Stored data entries
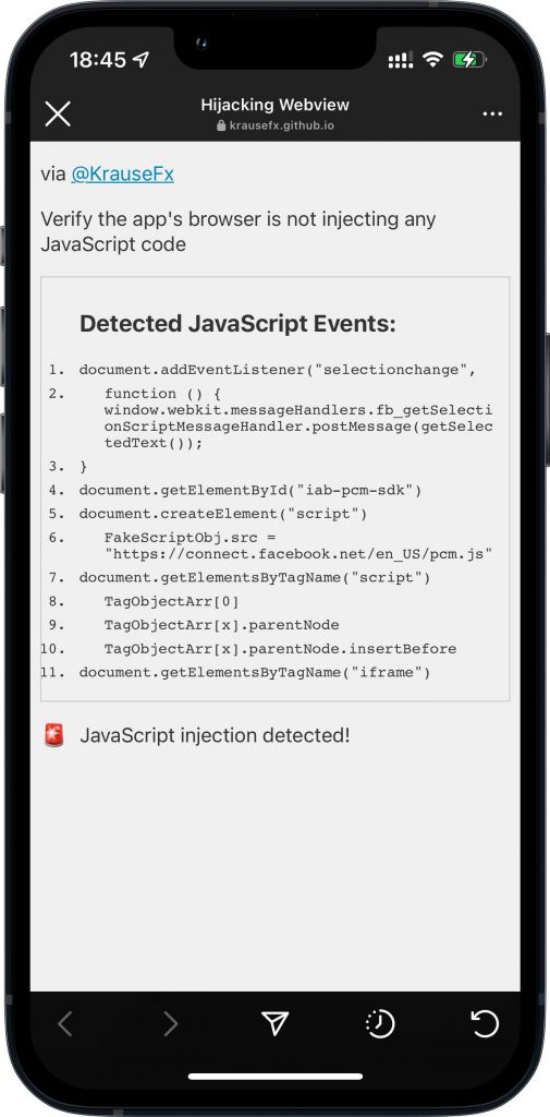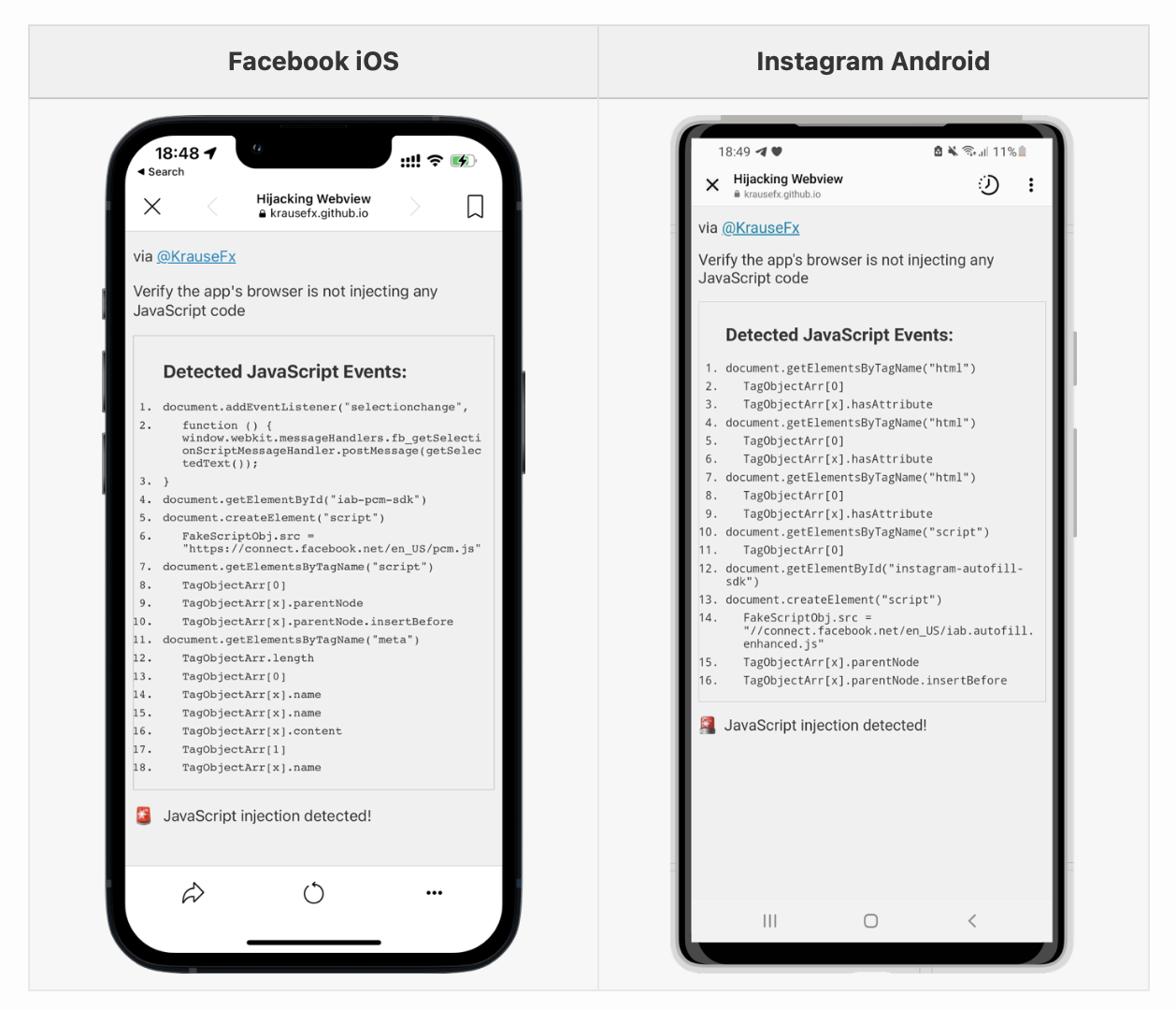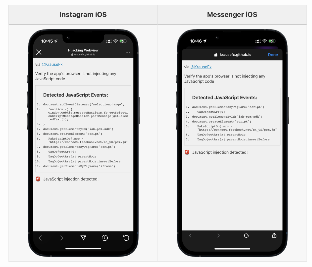 การวิเคราะห์นี้ วิเคราะห์โดย Felix Krause พบว่าทั้ง Instagram และ Facebook บนอุปกรณ์ iOS ใช้เบราว์เซอร์ในแอปของบริษัทตัวเองเพื่อโหลดเว็บไซต์ภายในแอป แทนที่จะเป็นเบราว์เซอร์ของ Apple
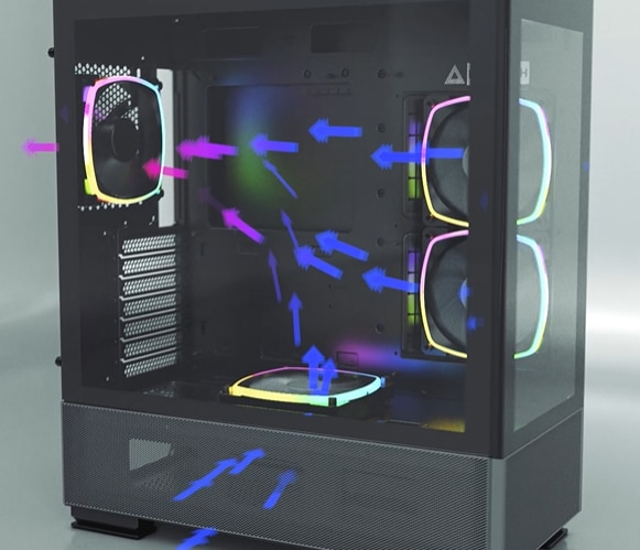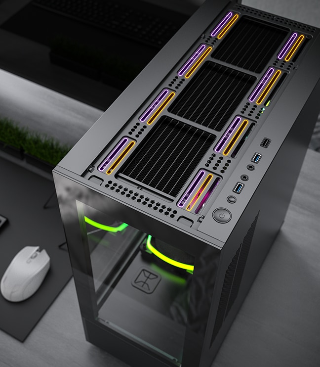 Bucurati-va de vederile neobstructionate Datorita panoului frontal si lateral integrat, utilizatorii isi pot vedea intregul interior la prima vedere. Plasa fina care acopera din partea inferioara a panoului frontal se extinde pana la camera PSU cu ventilatoare ARGB preinstalate care sporesc frumusetea acestei capodopere. |
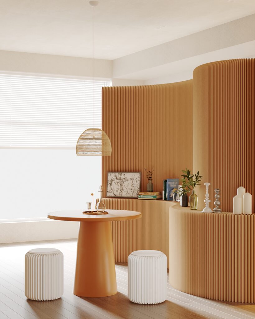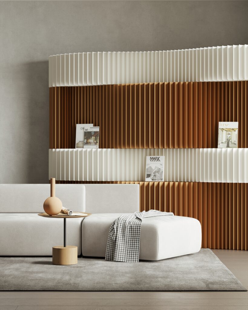 Sculptural pleated texture with architectural presence
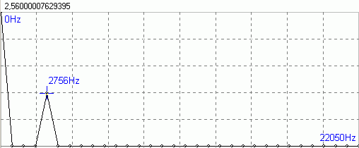 Then resolution is 44100 / 64 = 689 Hz, and the sine wave frequency
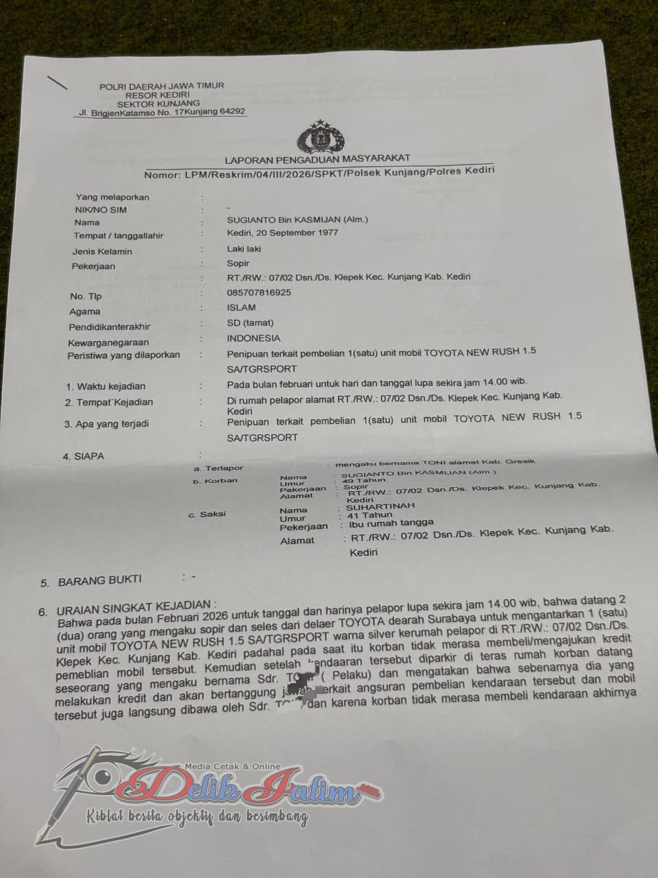 Kediri, Delikjatim.com – Kasus dugaan penipuan kredit mobil yang menimpa Sugianto, warga Kecamatan Kunjang, Kabupaten Kediri, kini resmi dilaporkan ke pihak kepolisian.
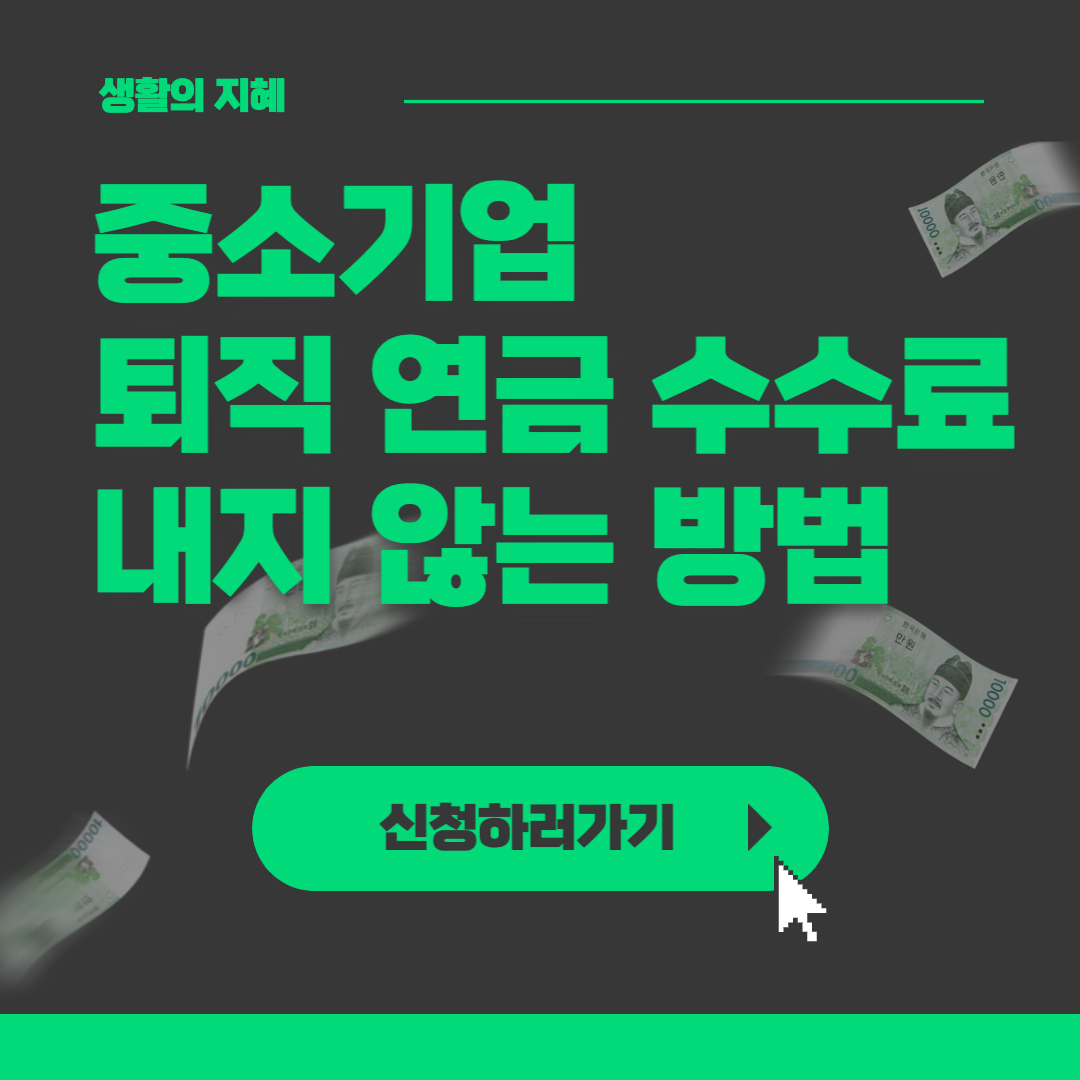 1. 수수료 감면 대상 : 작년 9월부터 올해 말까지 이 제도에 가입한 30인 이하 사업장. (평균 적립금이 5억 원인 사업장이라면 민간 퇴직연금사업자에 가입하는경우 연평균 250여만 원의 수수료를 부담해야 하지만, 이 제도에 가입하면 수수료를 5년간 전혀 납부하지 않아도 됩니다)
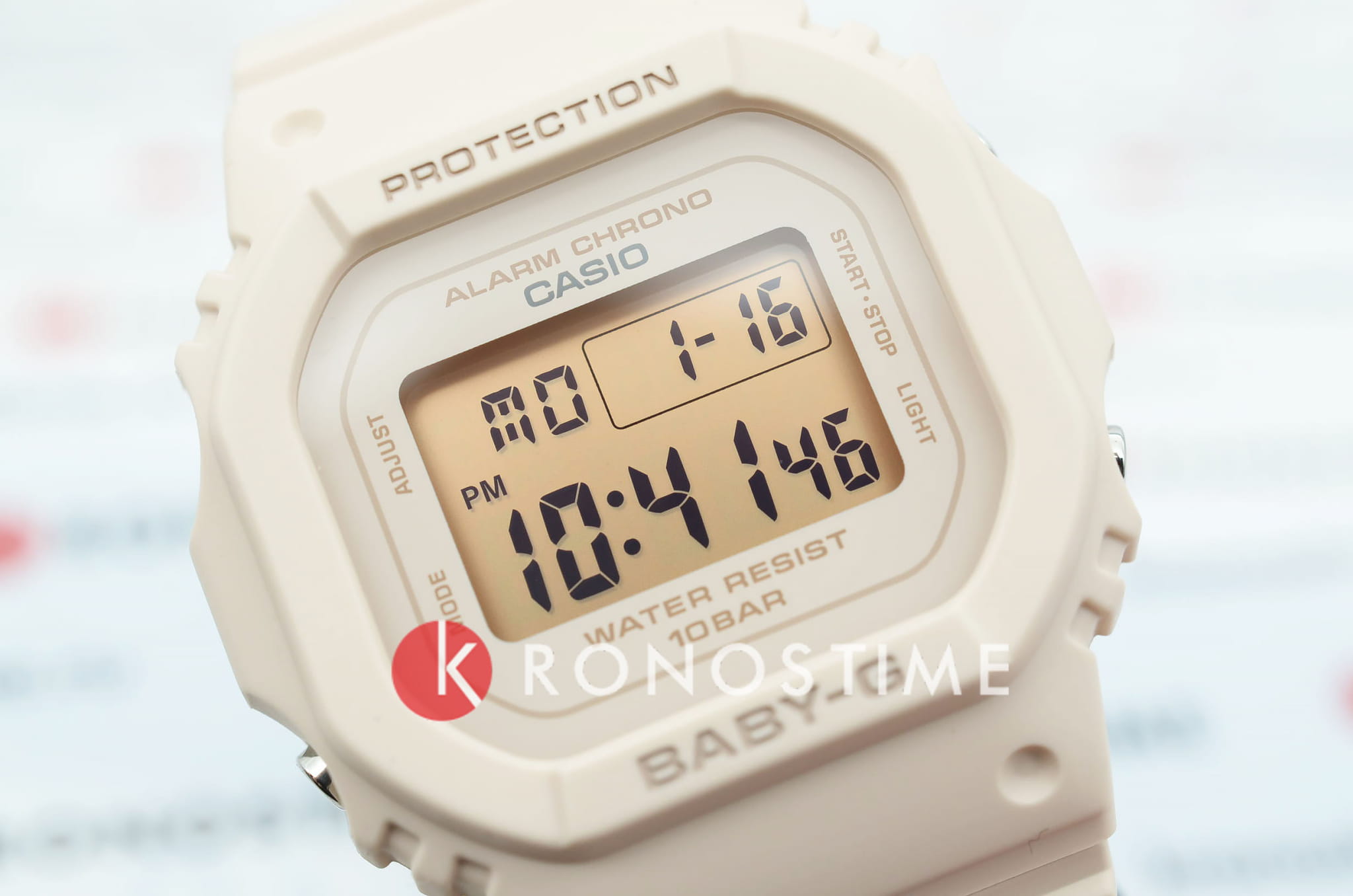 Женские противоударныеУдаропрочный корпусМеханизм заключён в корпус, выполненный из современных материалов, устойчивых к ударам, механическим повреждениям и падению с высоты: инновационный пластик, карбон, нержавеющая сталь, титан. японские часы Casio Baby-G BGD-565-4E, кварцевый механизм с высокой точностью. Класс водозащиты: 100 метров, позволит плавать, нырять и заниматься другими водными видами спорта. Электролюминесцентная подсветкаЭлектролюминесцентная подсветкаЭлектролюминесцентная панель устанавливается под ЖК-экраном часов, при нажатии кнопки электричество преобразуется в свет за счёт подачи напряжения на атомы фосфора, такой тип подсветки позволяет освещать весь циферблат. подсветка дисплея помогает считывать информацию при плохом освещении. Световая индикация сигнала. Цвет подсветки: сине-зеленый. Корпус часов изготовлен из пластика, бежевого цвета. СекундомерСекундомерСекундоме́р — прибор, способный измерять интервалы времени с точностью до долей секунды. с двумя точностями показаний: 1/100с (до 1ч) и 1с (после 1ч) и временем измерения 24ч. Сплит-хронографСплит-хронографИспользуется для измерения продолжительности нескольких временных отрезков, начинающихся одновременно, а заканчивающихся в разное время.. ТаймерТаймерОтсчитывает секунды в обратном направлении в заданном интервале времени. обратного отсчета от 1сек до 24ч с автоповтором. Типы сигналов: ежедневный, ежемесячный, каждый день определенного месяца, на определенную дату. Водонепроницаемость в соответствии с ISO 2281. Ремешок с классической застежкой и системой быстрой замены.
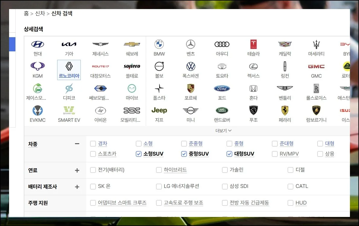 쉐보레와 BMW 같은 제조사들도 함께 보입니다. 여기서 르노코리아를 클릭하시면 됩니다.
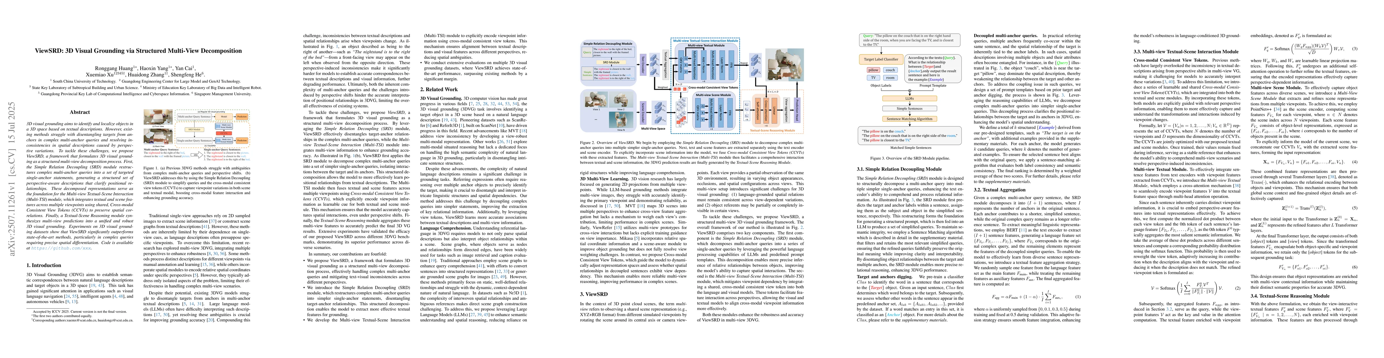 3D visual grounding aims to identify and localize objects in a 3D space based on textual descriptions. However, existing methods struggle with disentangling targets from anchors in complex multi-anchor queries and resolving inconsistencies in spatial descriptions caused by perspective variations. To tackle these challenges, we propose ViewSRD, a framework that formulates 3D visual grounding as a structured multi-view decomposition process. First, the Simple Relation Decoupling (SRD) module restructures complex multi-anchor queries into a set of targeted single-anchor statements, generating a structured set of perspective-aware descriptions that clarify positional relationships. These decomposed representations serve as the foundation for the Multi-view Textual-Scene Interaction (Multi-TSI) module, which integrates textual and scene features across multiple viewpoints using shared, Cross-modal Consistent View Tokens (CCVTs) to preserve spatial correlations. Finally, a Textual-Scene Reasoning module synthesizes multi-view predictions into a unified and robust 3D visual grounding. Experiments on 3D visual grounding datasets show that ViewSRD significantly outperforms state-of-the-art methods, particularly in complex queries requiring precise spatial differentiation.
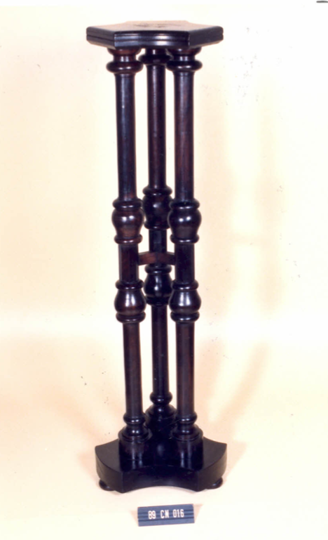 Cantoneira com tampo hexagonal, em três partes côncavas e três retas; sustentação por três colunas cilindricas, arrematadas em bolachas inferiores e superiores. Ao centro par de bolachas esféricas e nós, elementos oitavados unidos por um Y. Base hexagonal, seguindo mesma linha do tampo, e pés embolachas.
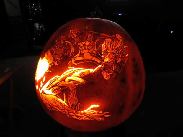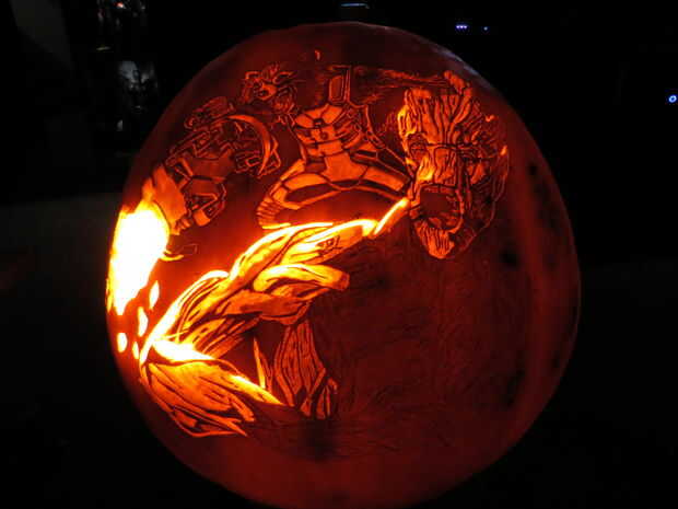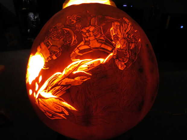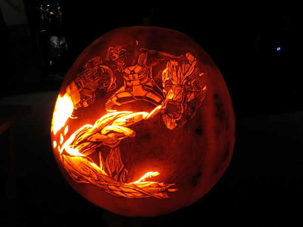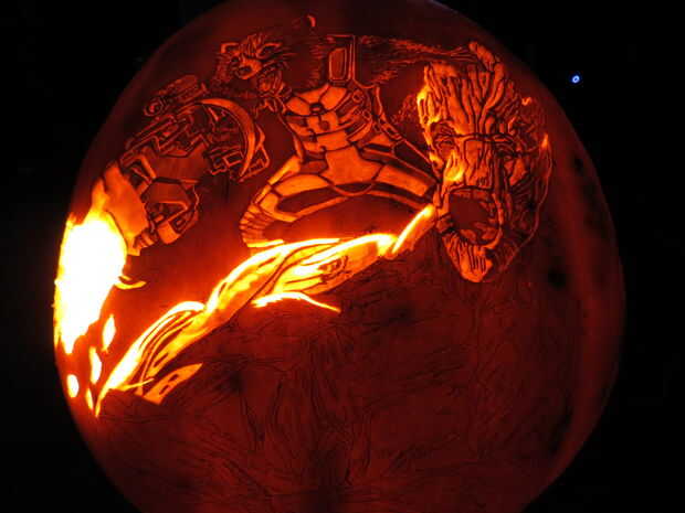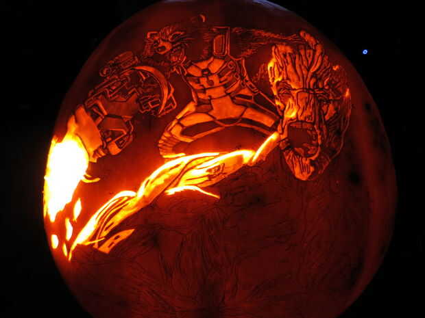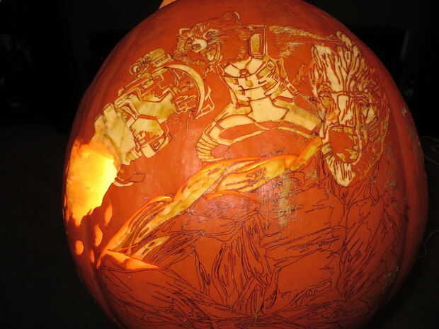 Hay zonas muy grandes, largo brazo de Groot donde la calabaza está tallada por dejar que toda la luz a través. Esto se hace para dar la apariencia de la luz de la pistola de cohetes que refleja de su brazo. Una vez más, recomiendo que talla estas áreas después de haber tallado los detalles más finos a su alrededor.
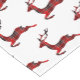 This Christmas holiday table runner is shown with a festive Christmas plaid reindeer print design.

* **Requirement**
Leave out the pictures. Return exactly the lines from the first line of the records to the line bearing "Then resolution is", inclusive.

* **Solved exercise**
 การวิเคราะห์นี้ วิเคราะห์โดย Felix Krause พบว่าทั้ง Instagram และ Facebook บนอุปกรณ์ iOS ใช้เบราว์เซอร์ในแอปของบริษัทตัวเองเพื่อโหลดเว็บไซต์ภายในแอป แทนที่จะเป็นเบราว์เซอร์ของ Apple
 Bucurati-va de vederile neobstructionate Datorita panoului frontal si lateral integrat, utilizatorii isi pot vedea intregul interior la prima vedere. Plasa fina care acopera din partea inferioara a panoului frontal se extinde pana la camera PSU cu ventilatoare ARGB preinstalate care sporesc frumusetea acestei capodopere. |
 Sculptural pleated texture with architectural presence
 Then resolution is 44100 / 64 = 689 Hz, and the sine wave frequency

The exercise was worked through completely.